Wednesday, May 27, 2009

Scheduled Windows Server Restart Fails Intermittently

Symptom Brief Description:
Scheduled restarts of Windows Server 2003 fail intermittently when using shutdown.exe.
Problem:
A scheduled restart of a Windows 2003 server fails when using shutdown.exe.
Symptom:
Running shutdown.exe from a scheduled job or within a command prompt from a remote administration terminal services session fails with an error:
The computer is processing another action and thus cannot be shut down. Wait until the computer has finished its action, and then try again.(21)
An entry in the Scheduled Task log states
Result: The task completed with an exit code of (15).

Running shutdown.exe from the console or from a remote administration terminal services session connected to the console using the ‘/admin’ switch succeeds.
Solution:
Use the native tsshutdn.exe command instead of shutdown.exe. The tool is designed for application terminal servers, but the remote administration feature also uses terminal services. Tsshutdn will clear hung actions and successfully shutdown the server.

Tuesday, May 26, 2009

Oracle 10gR2 on SLES x64 requires 32-bit Runtime Environment

Symptom Brief Description: Problems with installing Oracle 10g on SLES 10.2 x64. Oracle logs indicate missing libraries.
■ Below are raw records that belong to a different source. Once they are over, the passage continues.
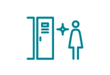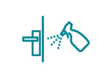 消毒スプレーによる、お化粧室、扉、ドアノブ、サッシの取っ手部分の定期的な殺菌とふき取りを実施しております。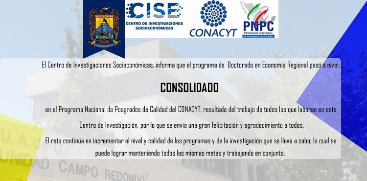 El Doctorado en Economía Regional del Centro de Investigaciones Socioeconómicas (CISE) de la Universidad Autónoma de Coahuila, pasó a nivel Consolidado dentro del Programa Nacional de Posgrados de Calidad (PNPC) del CONACYT como resultado del trabajo de los integrantes del Centro de Investigación.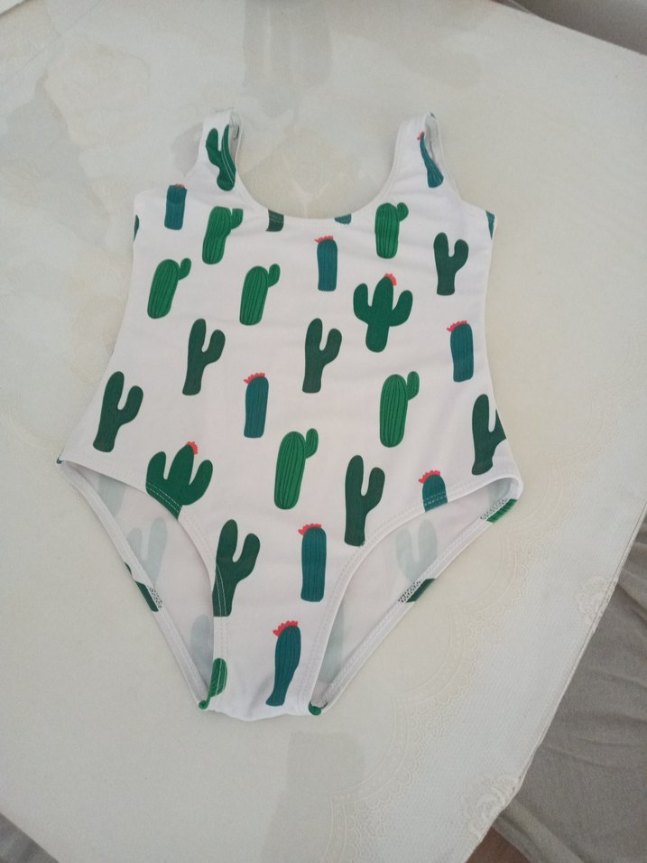 Kız Çocuk Beyaz Kaktüs Desenli Mayo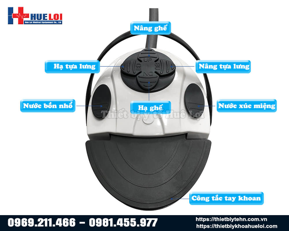 - Thao tác điều khiển phụ đa năng, thuận tiện cho trợ lý điều khiển các chức năng thông thường của ghế nha khoa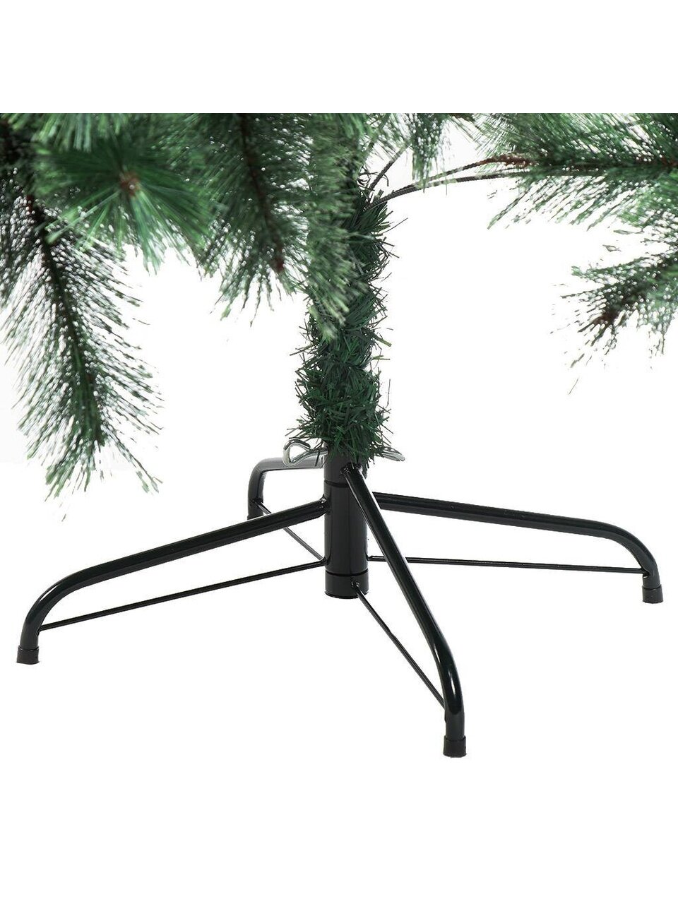 Хвоя выполнена из прочной лески, визуально имитирующей натуральную сосну. Подставка изготовлена из металла, что гарантирует устойчивость конструкции.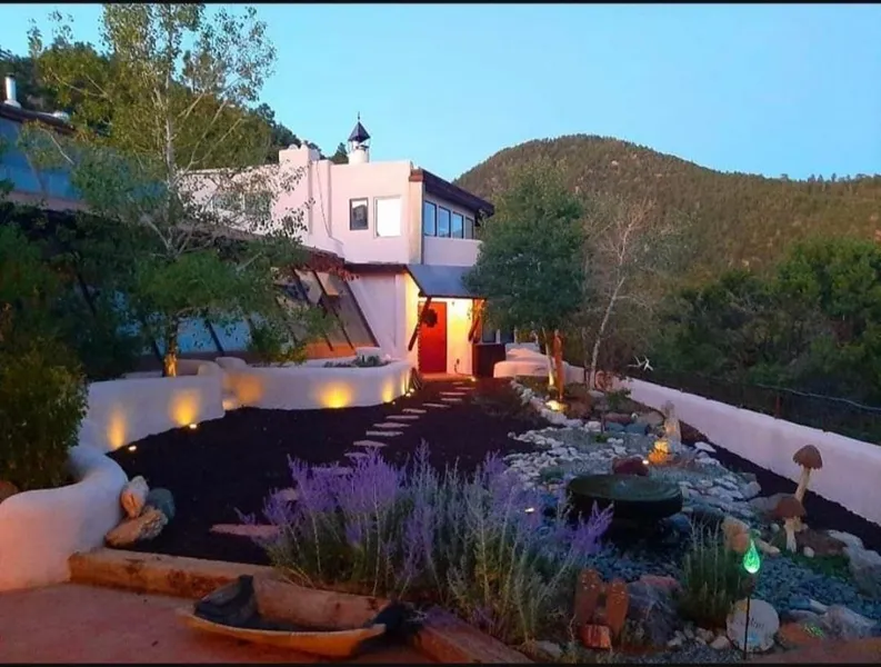 This one of a kind, eco-conscious, EARTH SHIP hybred is a must see! This Artisan home showcases hand made details in every corner, breathtaking vistas and an exquisitely landscaped patio that perfectly frames the stunning views. Indulge in ultimate relaxation watching big Taos skies from the hot tub, while the lower patio with a bar offers a delightful space for entertaining. Enhancing the ambiance, six fireplaces are strategically placed throughout the home. The primary bedroom features a charming Kiva fireplace and overlooks a serene lily pond. The state-of-the-art kitchen boasts an Italian pizza oven, catering to culinary enthusiasts. Additionally, a separate guest house provides ample accommodations for visitors or for use as a rental property. This remarkable home is an architectural work of art designed by the renowned Taos architects Reynolds and Kolshorn. Offering the option of functioning "off-grid," it is equipped with electric power, cisterns, and water catchment systems. Alternatively, it can seamlessly transition to solar power and utilize a well. Strong wifi connectivity, cable, and a land-line connection ensure convenient communication. The residence is a true work of art, nestled harmoniously within the enchanting woods. Meticulously crafted with local expertise, it features intricate details and showcases a world-class art collection. Prepare to be enchanted by this private, magical oasis that offers tranquility while being conveniently located near town, Taos Ski Valley, and Taos County Airport.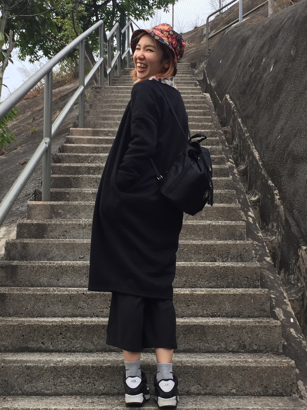 ブラック系のスニーカーを着用したレディースの冬コーディネートの1枚目の写真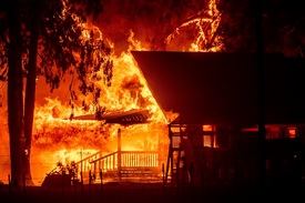 A közelben pusztító erdőtüzek miatt lángra kapott egy ház a kaliforniai Janesville közelében 2021. augusztus 16-án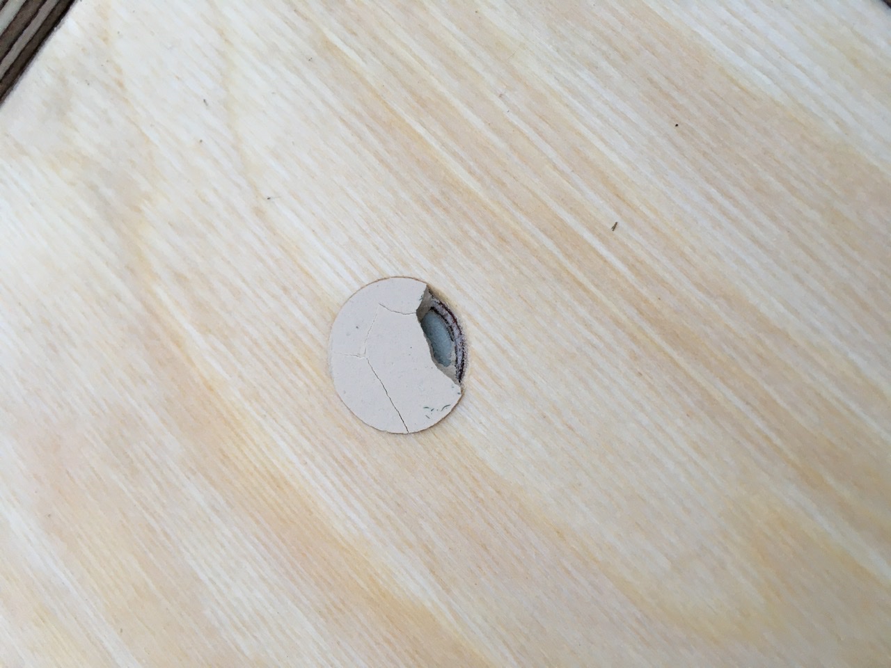 Я бы, как советовал Евгений Геннадиевич, спилил бы замятый угол. Фанеру полка пропитал бы маслом для банных полков. У меня так и сделано. Заглушку шпаклевкой по дереву можно восстановить. У меня они все повылетали почти. Я не заморачиваюсь. Стелю на полок всегда туристический коврик пенку. Комфорт возрастает в разы, а на полок влага практически не попадает. Есть коврики-матрасы. Снизу оксфорд, сверху текстиль, внутри наполнитель искусственный. Очень удобные коврики. Сохнут замечательно. Очень советую.

Novell's 'Oracle Base' included with SLES 10.2 is pretty awesome, and my love for not having to trudge through the labyrinth of Kernel parameters and ever-changing and interdependent library versions is somewhere between my love for ice-cream and puppies. Novell also produces a very fine and thorough configuration document for installing Oracle on SLES (Novell's install doc for Oracle 10g on SLES 10.2 x64). In general, fantastic.

One issue I've run into, however, is that a crucial pre-requisite (32-bit runtime environment on X64 SLES) is easy to miss in the install documentation.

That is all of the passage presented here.